#### RECORD SET
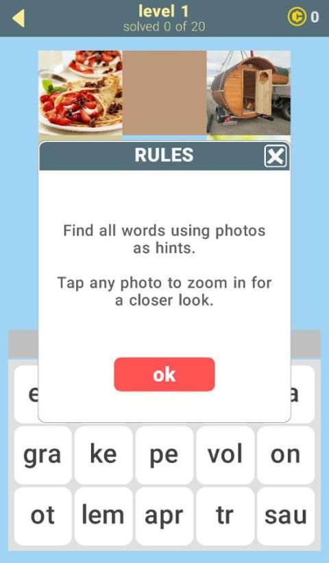 Dua kata per foto. 20 kata per tingkat. 580 kata dalam permainan. Anda dapat menemukan semua dari mereka? Kadang-kadang Anda harus berpikir di luar jelas. Semoga berhasil!
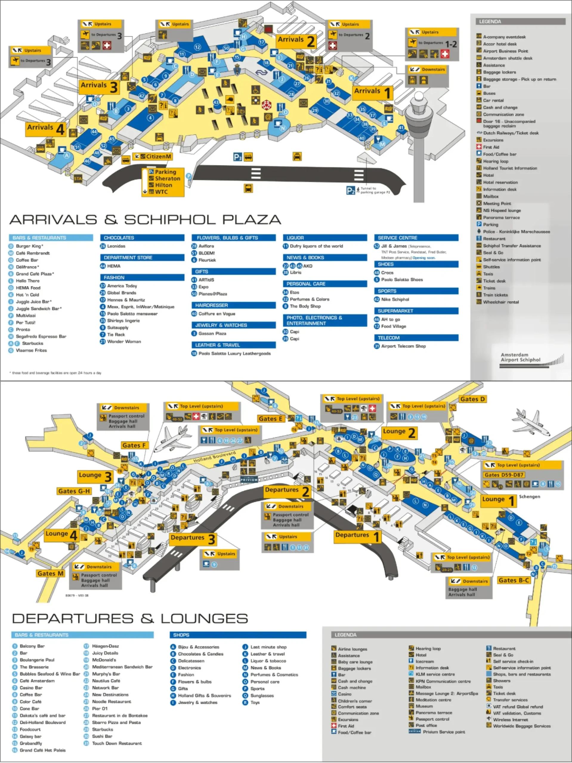 Amsterdam Airport Terminal Departures Map 2025-2024
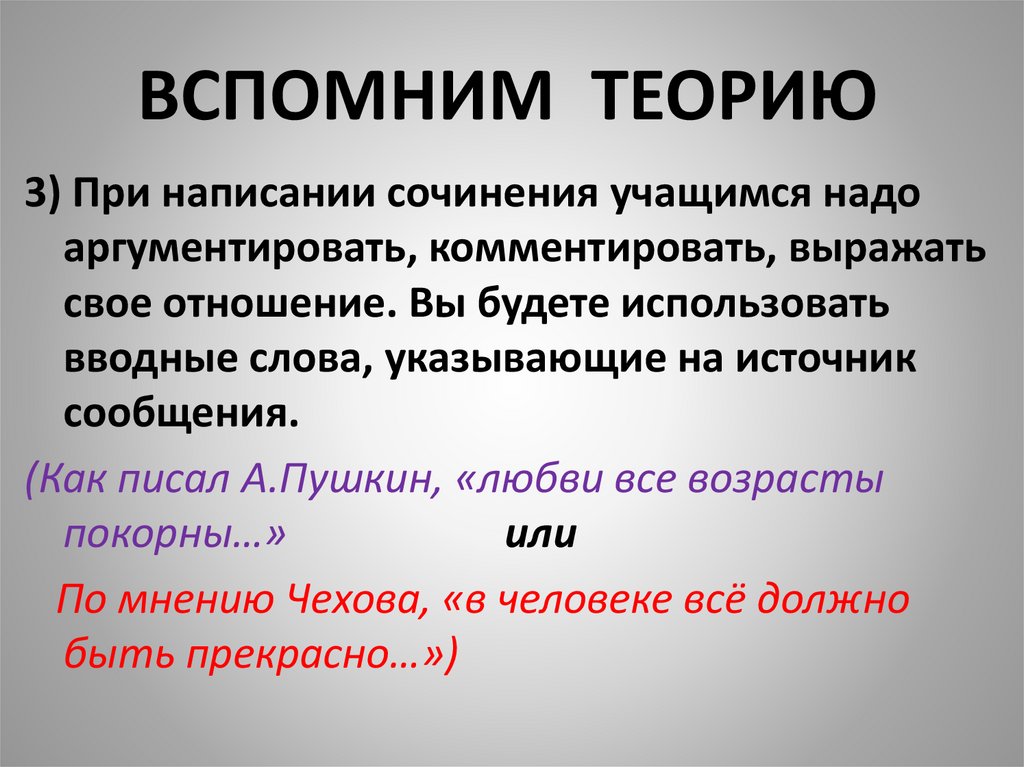 ВСПОМНИМ ТЕОРИЮ3) При написании сочинения учащимся надо
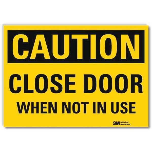 Safety Sign, Horizontal Rectangle, Number of Printed Sides 1, English, Sign Format Traditional OSHA, Sign Legend Close Door When Not In Use, Sign Legend Background Color Yellow, Sign Legend Style Text
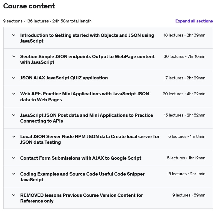 您将在 JavaScript 动态网页 AJAX 30 项目 API JSON 课程中学到什么:
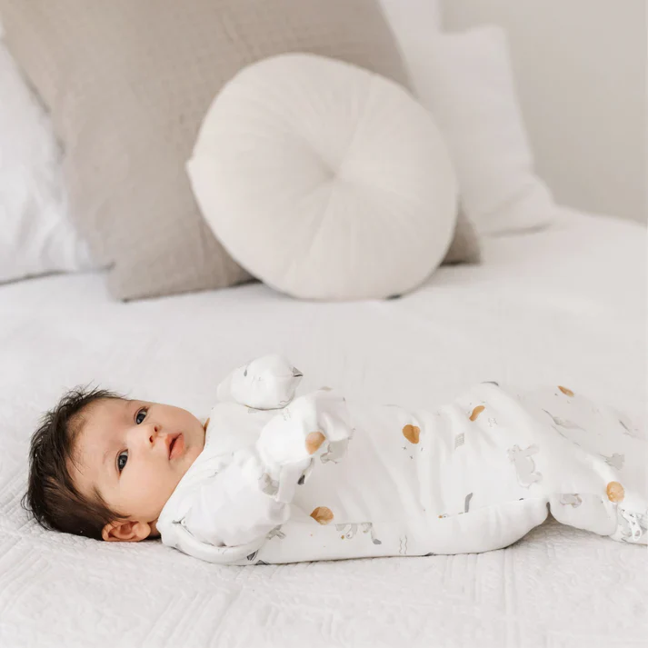 Le tissu fait à 70% de viscose de bambou et 30% de coton est idéal pour les bébés souffrants d’allergies et d’eczéma. Suffisamment de bambou pour garder les propriétés de cette fibre unique et juste assez de coton pour accroître sa durabilité. Le confort de bébé est garanti! Design canadien.
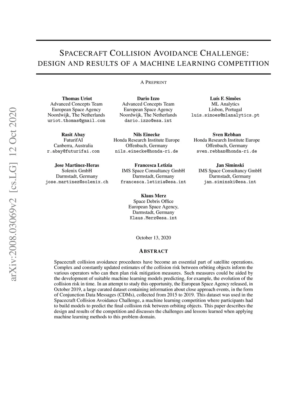 Spacecraft collision avoidance procedures have become an essential part of satellite operations. Complex and constantly updated estimates of the collision risk between orbiting objects inform the various operators who can then plan risk mitigation measures. Such measures could be aided by the development of suitable machine learning models predicting, for example, the evolution of the collision risk in time. In an attempt to study this opportunity, the European Space Agency released, in October 2019, a large curated dataset containing information about close approach events, in the form of Conjunction Data Messages (CDMs), collected from 2015 to 2019. This dataset was used in the Spacecraft Collision Avoidance Challenge, a machine learning competition where participants had to build models to predict the final collision risk between orbiting objects. This paper describes the design and results of the competition and discusses the challenges and lessons learned when applying machine learning methods to this problem domain.
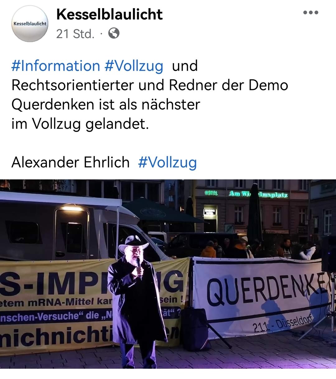 Hatte Ehrlich nicht vor ein paar Monaten einen Spendenaufruf getätigt? Erstmalig, weil irgendwelche Strafbefehle sich summierten und er von den finanziellen Mitteln der Bewegung abgeschnitten war? Oder trügt meine Erinnerung?

#### YOUR OBJECTIVE
If a picture appears among the entries, omit it and reproduce everything else exactly.

#### ANSWER TO THIS PROBLEM
 Dua kata per foto. 20 kata per tingkat. 580 kata dalam permainan. Anda dapat menemukan semua dari mereka? Kadang-kadang Anda harus berpikir di luar jelas. Semoga berhasil!
 Amsterdam Airport Terminal Departures Map 2025-2024
 ВСПОМНИМ ТЕОРИЮ3) При написании сочинения учащимся надо
 Safety Sign, Horizontal Rectangle, Number of Printed Sides 1, English, Sign Format Traditional OSHA, Sign Legend Close Door When Not In Use, Sign Legend Background Color Yellow, Sign Legend Style Text
 您将在 JavaScript 动态网页 AJAX 30 项目 API JSON 课程中学到什么:
 Le tissu fait à 70% de viscose de bambou et 30% de coton est idéal pour les bébés souffrants d’allergies et d’eczéma. Suffisamment de bambou pour garder les propriétés de cette fibre unique et juste assez de coton pour accroître sa durabilité. Le confort de bébé est garanti! Design canadien.
 Spacecraft collision avoidance procedures have become an essential part of satellite operations. Complex and constantly updated estimates of the collision risk between orbiting objects inform the various operators who can then plan risk mitigation measures. Such measures could be aided by the development of suitable machine learning models predicting, for example, the evolution of the collision risk in time. In an attempt to study this opportunity, the European Space Agency released, in October 2019, a large curated dataset containing information about close approach events, in the form of Conjunction Data Messages (CDMs), collected from 2015 to 2019. This dataset was used in the Spacecraft Collision Avoidance Challenge, a machine learning competition where participants had to build models to predict the final collision risk between orbiting objects. This paper describes the design and results of the competition and discusses the challenges and lessons learned when applying machine learning methods to this problem domain.
 Hatte Ehrlich nicht vor ein paar Monaten einen Spendenaufruf getätigt? Erstmalig, weil irgendwelche Strafbefehle sich summierten und er von den finanziellen Mitteln der Bewegung abgeschnitten war? Oder trügt meine Erinnerung?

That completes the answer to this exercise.